Movement on the Brain

The brain is one of the most powerful organs in the body. It interprets all the senses, stores all memory, and acts as the hub for neural transmitting. It is one of the hardest working organs and must be kept in right form. 

How do we keep the brain healthy? There are suggestions for diets high in quality fats and anti-inflammatory foods. Doing puzzles and challenging games has also been recommended. One of the major methods to aid the brain, however, is through regular exercise. Regular physical activity has been found to help the brain repair itself and amplifies the power of brain cells leading to improved focus, memory, and mood.

Move to Improve:

Moderate intensity exercise revs the blood flow around the brain and provides an intense oxygen boost during the workout. That extra oxygen aids the production of chemicals and cells that are involved in memory, attention, and problem-solving processes. For example, a 2007 study examined the effect of sprinting on memorization. Those who completed two 3-minute sprints were able to memorize new words 20 percent faster than those in the control group. In other long-term studies, those who have consistently exercised outperformed the non-movers in tasks involving memory, reasoning, attention, problem solving, and basic intelligence.

Workouts do not have to be as intense as sprinting, however. Basic movements, such as walking, have proven to be valuable as they are not overly strenuous on the joints and muscles yet greatly increase blood circulation. This increased circulation speeds up the rate at which oxygen and glucose molecules reach the brain. The same can be said about swimming, another low-impact, high-movement exercise.

Increased movement also sparks neurogenesis, or the production of neurons. As these neurons are produced, the brain can heal and repair itself as well as increase in size.

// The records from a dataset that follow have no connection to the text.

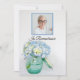 Erleben Sie ein Jahr nach dem Besuch der hübschen Blue Hydrangea im Jar Death Anniversary Memorial Invitation Ihre Lieblinge. Diese bezaubernde individuelle Blütenfeier zum Tribut an das Leben auf der Beerdigung lädt zu einem hübschen nahen Blumenfoto einer blauen Hydrangea-Blume Blüte in einem Glas Glas Glas Glas. Personalisieren Sie es mit Bild und Details des Verstorbenen zusammen mit Veranstaltungsinformationen. Erhältlich als gedruckte Einladung zum Verschicken und/oder als digitaler Download für den einfachen digitalen Austausch online.
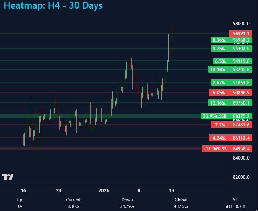 Jeśli w nadchodzących dniach nie wystąpi żadne nieoczekiwane zdarzenie makro, cena może poszukiwać płynności nieco poniżej $93.245 przed kontynuacją ruchu wzrostowego.
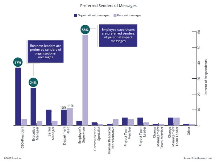 Best practices research reveals two preferred senders of messages related to change. When it comes to the business reasons for the change, employees want to hear from the senior leaders authorizing and funding the change. They want to understand why the change is taking place, risks of not changing, and competitive and customer issues. When the message concerns the personal impacts of the change, or "What's In It For Me" (WIIFM), employees want to hear from their immediate supervisors. A communications plan that does not incorporate these findings will be less effective.
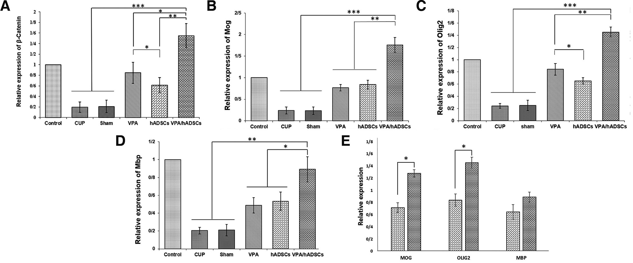 (A-D) Results showed a significant upregulation of β-catenin, Mbp, Olig2 and Mog in VPA and hADSC treated groups, compared with untreated groups. (E) Comparison of the expression of human MBP, OLIG2 and MOG found in the hADSC and VPA/hADSC groups. The simultaneous use of VPA/hADSC had a significant increase in the expression of MOG and OLIG2 genes. Groups: Cuprizone (Cup), Valproic Acid (VPA), human Adipose Derived Stem Cells (hADSCs), and VPA/hADSCs. (*P < 0.05, **P < 0.01, ***P < 0.001).
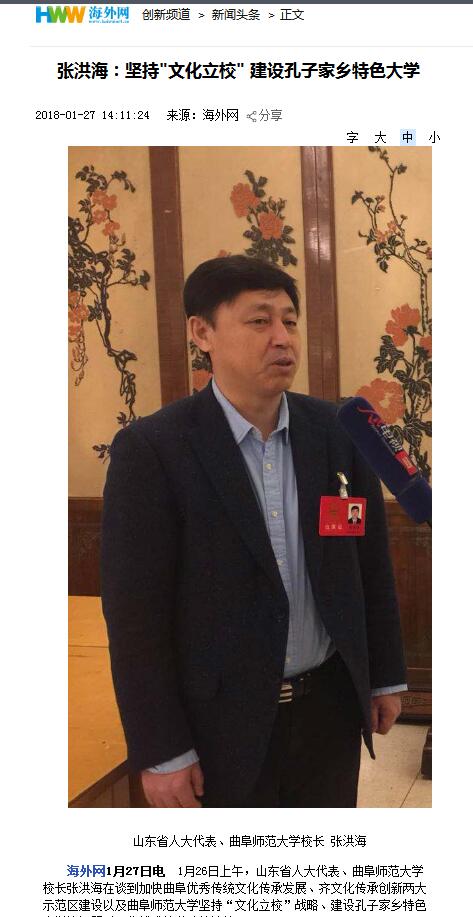 人民网:人大代表张洪海:坚定文化自信 弘扬优秀传统文化
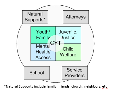 CYT is a team of Family Navigators*, Child Welfare workers, and Probation Officers who work with Crossover Youth and their families.

For example, a University of Pittsburg study found that the most aerobically fit had an average of 7 percent larger hippocampus than their inactive peers.

Psychological Benefits:

In a behavioral perspective, there are antidepressant-like effects associated with exercise.  Often known as "runner's high," the extra release of endorphins during exercise is responsible for the feelings of relaxation and optimism that accompany many difficult workouts.  

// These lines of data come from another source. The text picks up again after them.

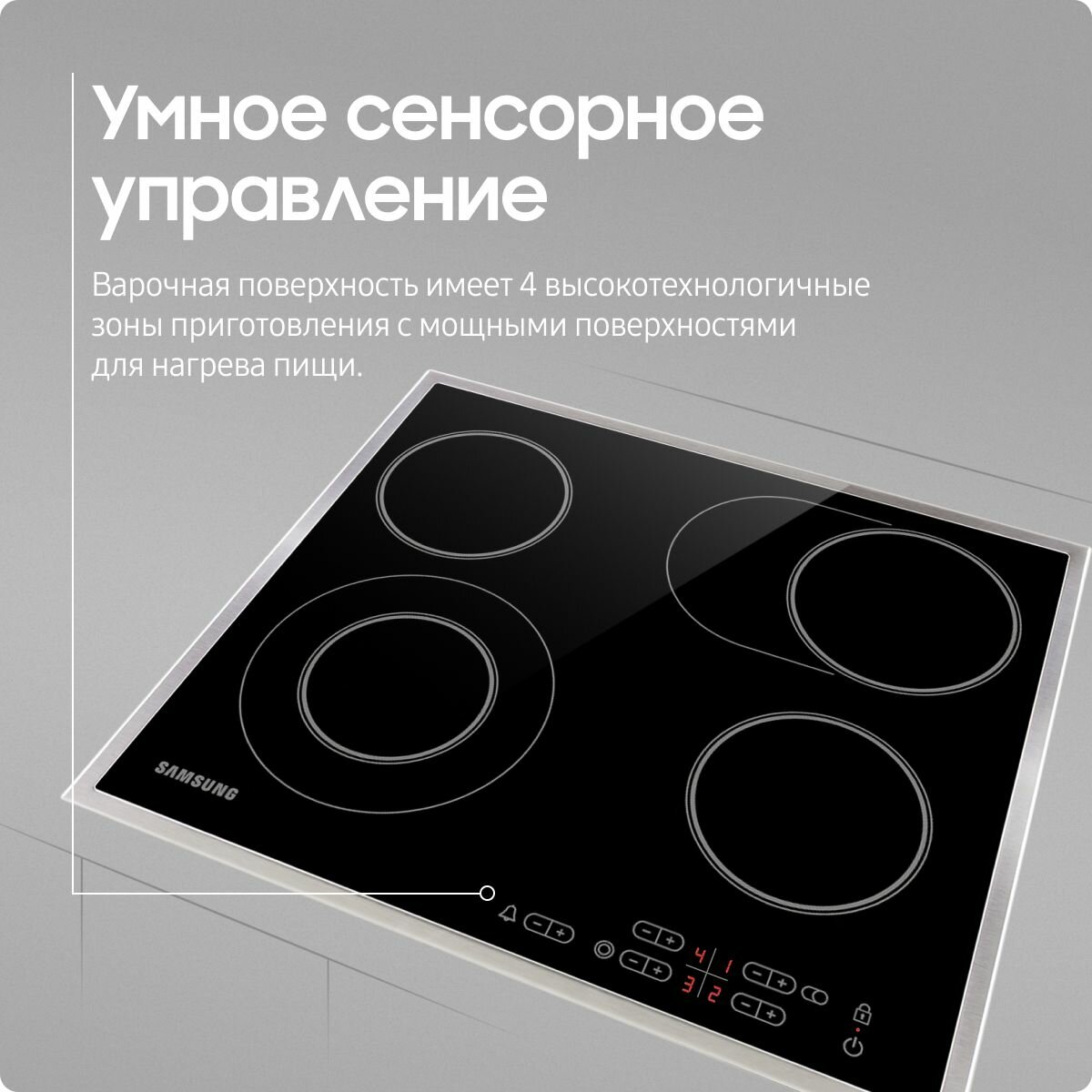 Электрическая варочная поверхность Samsung NZ-64T3516CK/WT, 60 см, с зонами расширения и металлической рамкой
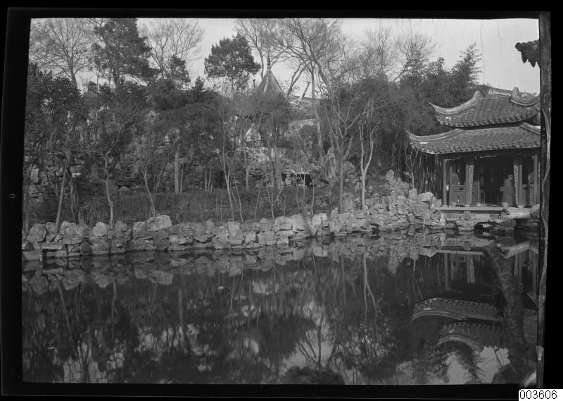 Suzhous trädgårdar 1923. Centralt i bilden en damm. I högra kanten en paviljong. Dammen kantas av träd, allt speglat i vattnet i dammen.
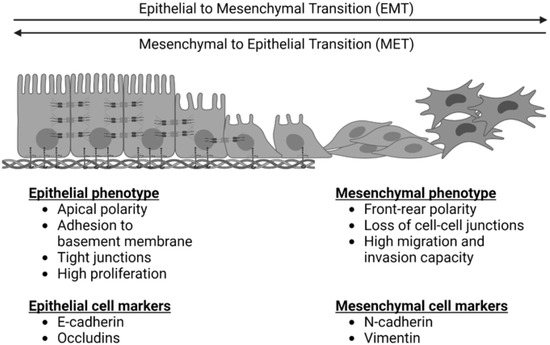 The epithelial to mesenchymal transition (EMT) and the reverse process of the mesenchymal to epithelial transition (MET). EMT is characterized by a loss of epithelial cell markers, an increase in mesenchymal cell markers, a loss of apical cell polarity, a loss of tight cell junctions, and an increased capacity for cell migration and invasion. MET is characterized by a loss of mesenchymal cell markers, an increase in epithelial cell markers, increased apical cell polarity, tight junctions, adherence to a basement membrane, and increased cell proliferation.
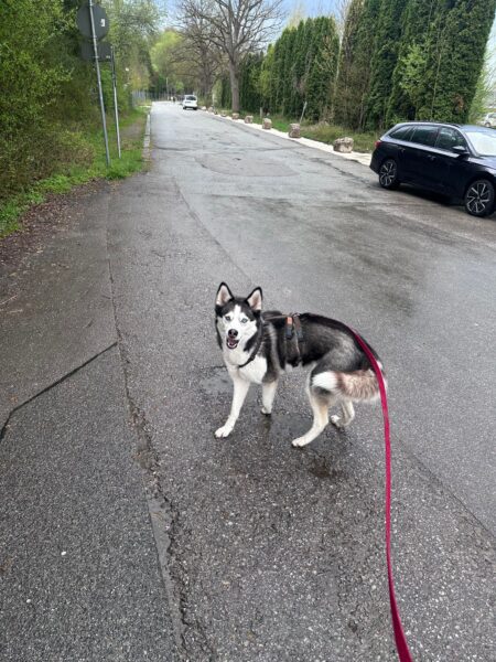 Gleich morgens fuhr Anna Maria mit Santana zum Bärnsee, Santana freute sich sehr und hüpfte fröhlich im Zimmer auf und nieder, als sie ihm sein Geschirr anzog. 🙂 Auf der Hinfahrt hat er trotz vieler Spaziergänger nicht ein Mal gebellt. Am Bärnsee drehten die beiden eine entspannte Runde, ein Spaziergänger war kein Thema, aber einer Frau mit ihrem ruhigen Retriever sind die beiden ausgewichen, da Santana ungewöhnlicher Weise etwas gereizt reagierte. Er beruhigte sich aber gleich wieder und hat viel geschnüffelt, Leckerlies gesucht und in allen Pfützen und Bächen gepritschelt. Auf der Rückfahrt kamen ihnen mehrere Radfahrer entgegen, zunächst war das Santana egal, aber auf dem letzten Stück zum TierHeim waren sie ihm zu nah und er verbellte sie. Zurück im Zimmer hat Anna Maria noch einen Moment mit ihm gekuschelt, was Santana sehr genoss. 🙂
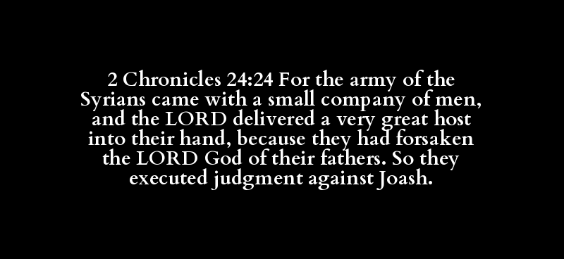 2 Chronicles 24:24 For the army of the Syrians came with a small company of men, and the LORD delivered a very great host into their hand, because they had forsaken the LORD God of their fathers. So they executed judgment against Joash.
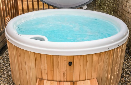 One double with en suite shower and one twin. Bath. Open plan lounge/kitchen/dining area. Double doors leading to decking. Outdoor hot tub.

Endorphins are the body’s natural painkiller and mood-booster—the more, the better. Other beneficial psychological effects include the drop in stress hormones, such as adrenaline and cortisol, which are responsible for feelings of anxiety. Even if exercise is done grudgingly, the same benefits of hormonal balance are still reached, according to a study at the University of Colorado Boulder.

A necessity in achieving these benefits, both with memory as well as mood-boosting hormones, is that continuity is key. Maintaining an exercise plan 3-5 days a week allows for the protective and mood-boosting agents in the brain to be used around the clock. Continuing that plan over a period of several months and into the years will reap the maximum benefits. Thus, an all-star athlete in high-school who discontinues all physical activity in his 30’s will not receive those same results. It must be a constant, renewed effort, and it is well worth it.